Task brief: Work out how many lines of the data below hold the string "weitere". Answer with that number alone.

Material for this task:
---*---

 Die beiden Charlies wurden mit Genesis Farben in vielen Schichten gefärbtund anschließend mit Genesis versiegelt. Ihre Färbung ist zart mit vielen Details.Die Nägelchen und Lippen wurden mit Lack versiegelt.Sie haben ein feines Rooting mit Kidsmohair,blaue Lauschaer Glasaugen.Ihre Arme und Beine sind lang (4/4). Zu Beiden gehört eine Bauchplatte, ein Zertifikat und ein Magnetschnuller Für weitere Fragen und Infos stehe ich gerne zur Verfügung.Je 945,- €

---*---

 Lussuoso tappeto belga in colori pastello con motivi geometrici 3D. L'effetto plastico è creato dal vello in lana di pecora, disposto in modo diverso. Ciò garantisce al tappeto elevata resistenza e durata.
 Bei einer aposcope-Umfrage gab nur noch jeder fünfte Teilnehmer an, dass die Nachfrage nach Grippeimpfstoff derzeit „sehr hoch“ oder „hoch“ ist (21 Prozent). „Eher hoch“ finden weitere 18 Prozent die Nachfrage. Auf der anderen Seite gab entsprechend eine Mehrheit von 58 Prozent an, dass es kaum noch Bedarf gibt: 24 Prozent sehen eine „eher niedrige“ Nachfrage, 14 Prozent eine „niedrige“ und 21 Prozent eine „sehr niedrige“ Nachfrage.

---*---

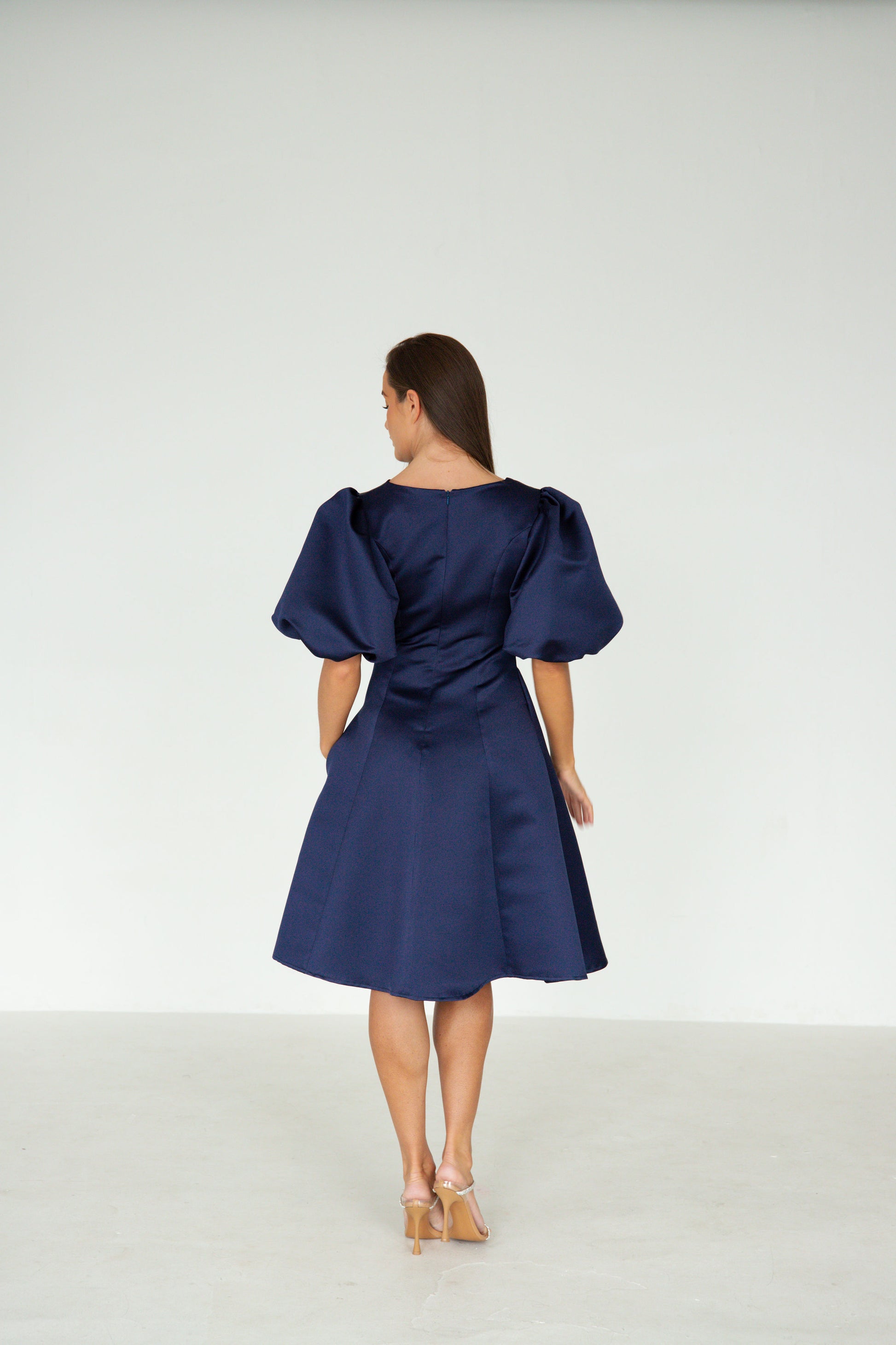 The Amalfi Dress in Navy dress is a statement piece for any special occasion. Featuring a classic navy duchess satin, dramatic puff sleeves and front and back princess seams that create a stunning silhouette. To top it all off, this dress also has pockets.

---*---

Result of the exercise: 2